Any Unpublished Price Sensitive Information shall only be shared in furtherance of legitimate purpose(s), performance of duties or discharge oflegal obligations. The term "legitimate purposes" shall be construed in accordance with the following principles:
- Sharing of Unpublished Price Sensitive Information in the ordinary course of business by any employee, officer, insider, or by any authorized person with existing or proposed partners, bankers, financial institutions, lenders, customers, suppliers, merchant bankers, legal advisors, auditors, insolvency professionals or other advisors or consultants.
- Sharing of Unpublished Price Sensitive Information for any other genuine or reasonable purpose as may be determined by the Managing Director, Chief Finance Officer or Company Secretary.
- Sharing of Unpublished Price Sensitive Information with a court of law or any governmental authority or any regulatory body on the basis of any order issued by them.
- Sharing of Unpublished Price Sensitive Information for any other purpose as may be prescribed under the Regulations formulated by SEBI or the Companies Act, 2013 and Rules made there under or any other law for the time being in force, as may be amended from time to time.


Any person in receipt of Unpublished Price Sensitive Information pursuant to a "legitimate purpose" shall be considered , an insider for purposes of this Code. The person to whom information is communicated for legitimate purpose shall ensure to comply with applicable provisions of the Code of Conduct for dealing in the securities of the Company.
The Company shall not comment, affirmatively or negatively, on market rumours.
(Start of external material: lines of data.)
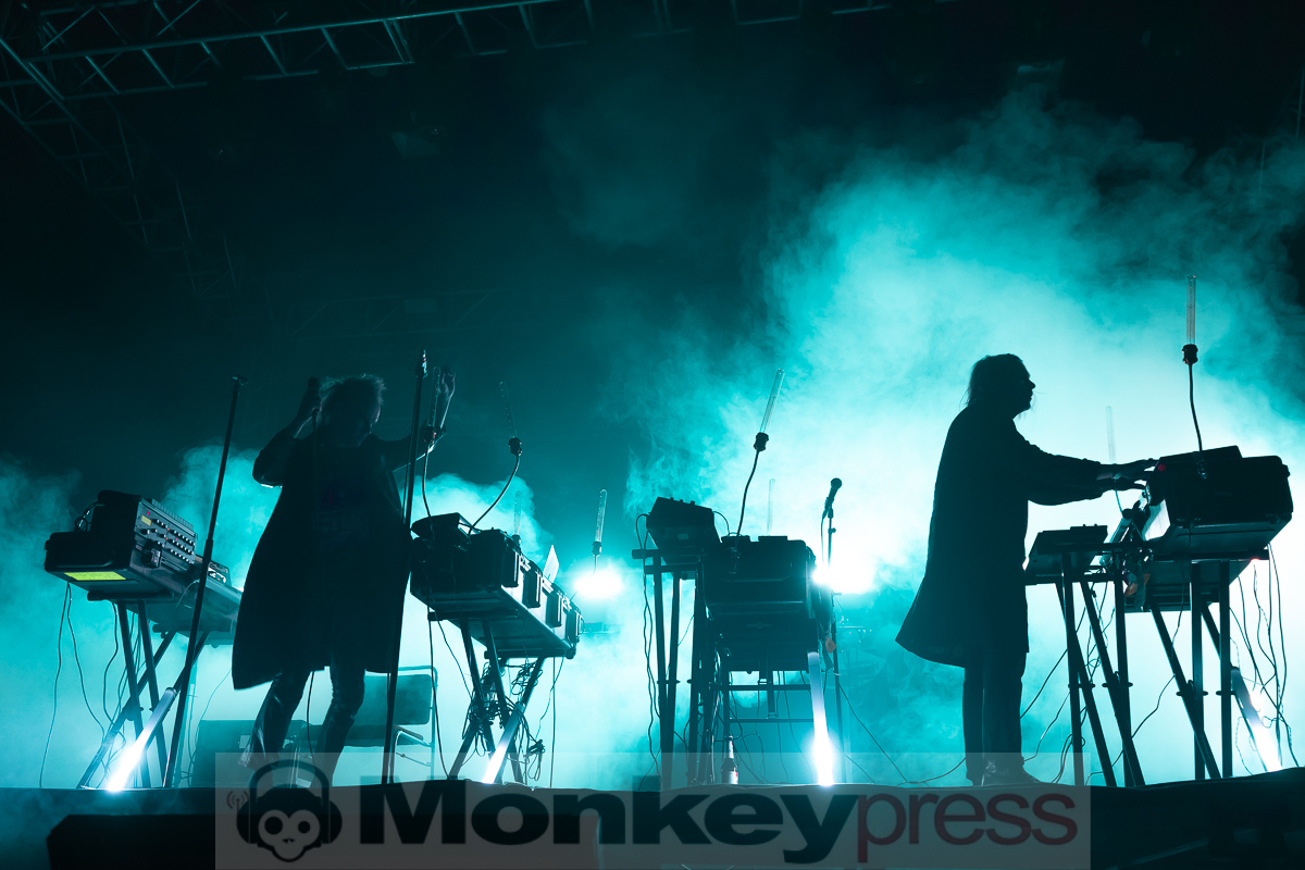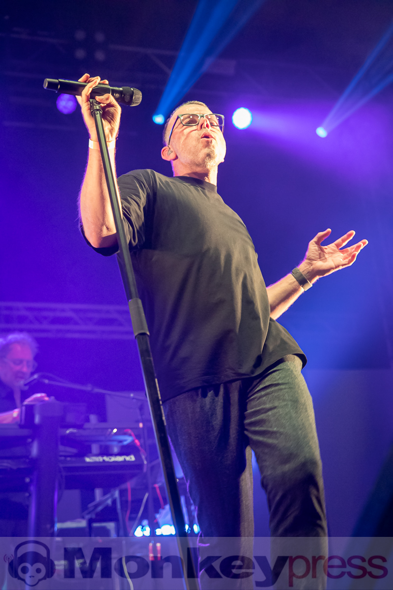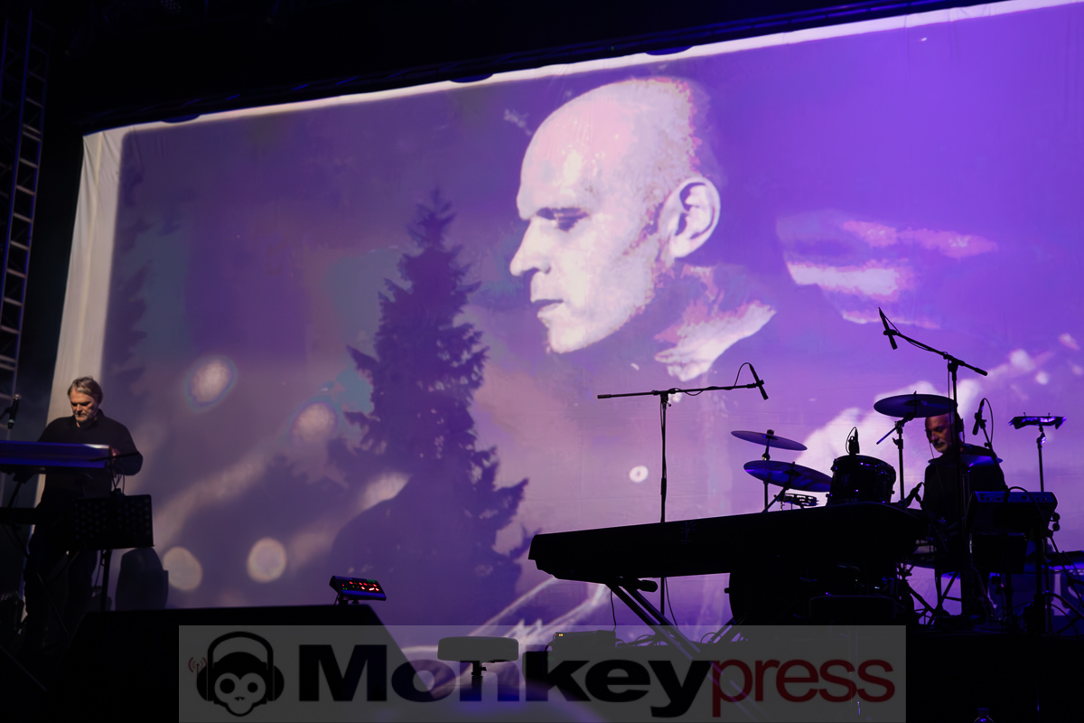 Mittlerweile war es im Inneren der Agra sehr voll geworden. War es der tolle Auftritt von Skynd? Oder doch schon die pilgernde Schar von Neugierigen, die unbedingt die Performance des prominentesten und international erfolgreichsten Acts des WGT 2025 verfolgen wollten? Die Wahrheit liegt wohl irgendwo in der Mitte. Jedenfalls kam es bei Alphaville zum Einlassstopp. Marian Gold, der die 70 mittlerweile durchschritten hat, wird mittlerweile von zwei Gastsängerinnen unterstützt, die ihren Job deutlich hörbar, aber nicht zu aufdringlich erledigten. Live-Auftritte von Alphaville sind ohnehin Geschmackssache. Einige Lieder durchlaufen auf der Bühne eine klangliche Metamorphose, ein „A Victory Of Love“ beispielsweise ist im Vergleich zur Albumversion von 1984 kaum noch zu erkennen. Darüber hinaus neigt Marian Gold manchmal dazu, mehr zu schreien denn zu singen. Was er sich am späten Freitagabend diesmal zum Glück kniff. Das Alter machte sich dennoch stellenweise bemerkbar. Schon witzig, wie der gebürtige Herforder an zweiter Stelle zu „Dance With Me“ wild tanzte – um die darauffolgende Zwischenansage schwer schnaufend ins Mikro zu japsen. Die Kondition war aber da, in der Folge lieferten Alphaville ein Hit-Feuerwerk mit den wichtigsten Klassikern. Gerade das Doppel aus „Sounds Like A Melody“ und dem ewigen „Forever Young“ wurde wenig überraschend sehr laut mitgesungen und kreierte Jubelstürme in der Agra. Was sich auch bei den Schweden Kite, den vielleicht beliebtesten Vertretern der aktuellen Synthie-Pop-Generation, im Anschluss zur Geisterstunde nicht ändern sollte.
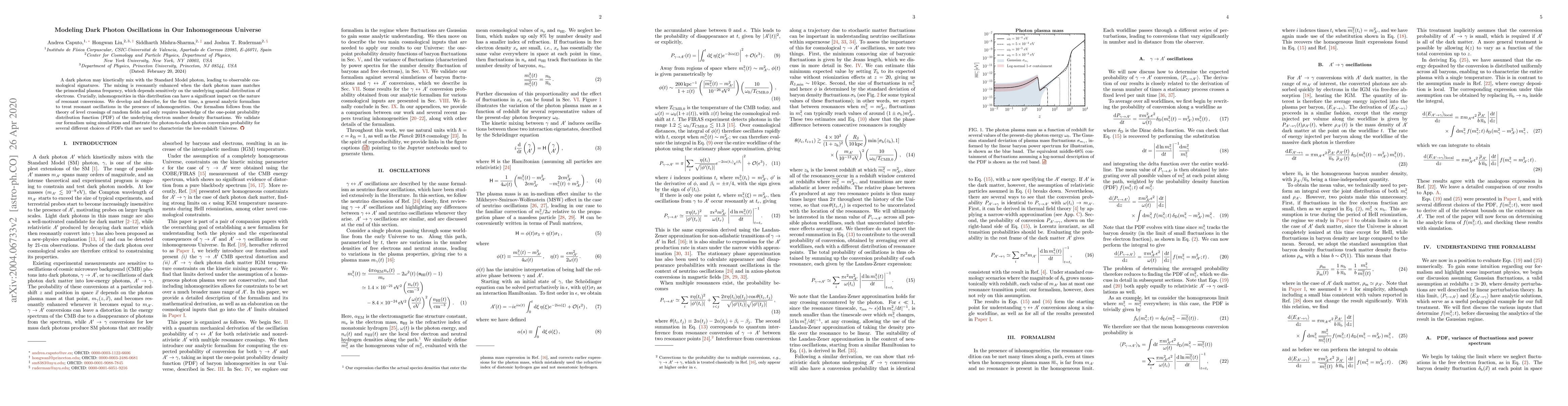 This paper develops a novel analytic formalism to model dark photon oscillations in an inhomogeneous universe, focusing on resonant conversions enhanced by kinetic mixing with Standard Model photons. The study validates the formalism using simulations and demonstrates its application to different electron density distributions representative of the low-redshift universe.
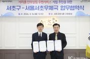 코리아타임뉴스 기동취재팀 | 서울 서초구는 16일 서초구청 5층 구청장실에서 서초우체국과 ‘서리풀 안부살핌 우편서비스 사업’ 추진을 위한 업무협약을 체결했다고 밝혔다. 이번 협약은 행전안전부가 주관하는 ‘2026년 읍면동 스마트 복지·안전 개선모델 지원사업’(안부살핌 우편서비스 사업 부문) 공모에 서초구가 서울시 자치구 중 유일하게 선정된 데 따른 것으로, 구는 오는 4월부터 12월까지 ‘서리풀 안부살핌 우편서비스 사업’을 본격 추진할 계획이다. 사업은 사회적 고립가구 중 지역사회 집중관리가 필요한 가구를 선정해 주기적으로 안부를 확인하고 월 2회 생필품을 택배로 전달하는 방식으로 운영된다. 우체국은 서초구 지원 물품을 대상가구에 배송하는 과정에서 집배원이 직접 가정을 방문해 안부를 확인하고, 건강 상태와 주거·위생 환경 등 현장에서 확인된 위기 징후를 구에 신속히 회신한다. 구는 전달받은 안부 확인 결과와 위기 정보를 바탕으로 긴급지원, 돌봄, 사례관리 등 맞춤형 복지서비스를 빠르게 연계해 복지사각지대 해소와 위기가구 지원을 강화할 예정이다. 한편, 서초구와 서초우체국은 2023년부터 ‘서리풀 복지등기우편 서
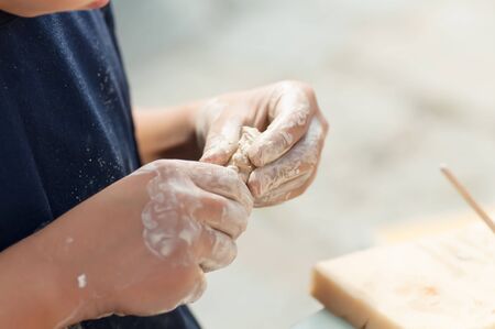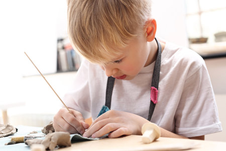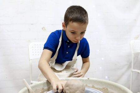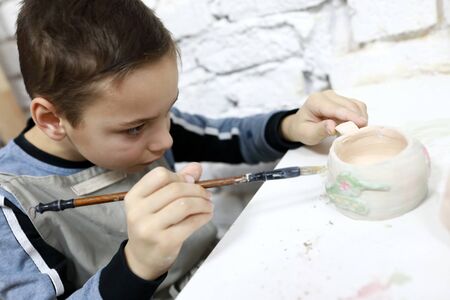 Ceramics for children. The boy is clawing out of a plastic workshop.
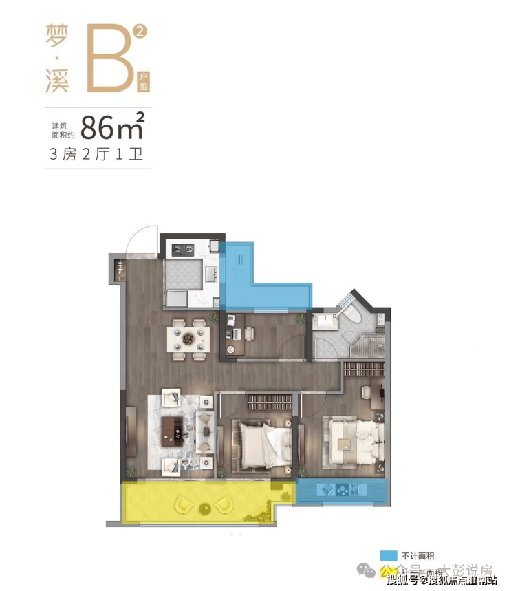 【梦溪B户型 】‼️建筑面积约86㎡‼️

Should a Stock Exchange request that the Company make a definitive statement in response to a market rumour that is causing significant volatility in the securities of the Company, the Company Secretary, in consultation with Chief Finance Officer or the Managing Directors, shall consider the matter and prepare content of the Company's response, such as "no corporate development at this time".
The Company may at the request of the CME, review their reports for the limited purpose of pointing errors based on previously disclosed information.
The Company shall maintain and store records in respect of disclosures made by it through any means under the relevant provisions of the Companies Act, 2013, Rules made there under, SEBI Act, 1992, Rules, Regulations and Guidelines issued there under and the Listing Agreements, for audit and future reference.
No employee including his/her own behalf or on behalf of any other person, trade or undertake to trade or cause to trade in the securities of the Company (i) when he/she is in possession of any Unpublished Price Sensitive Information and (ii) during the Restricted Trading Period.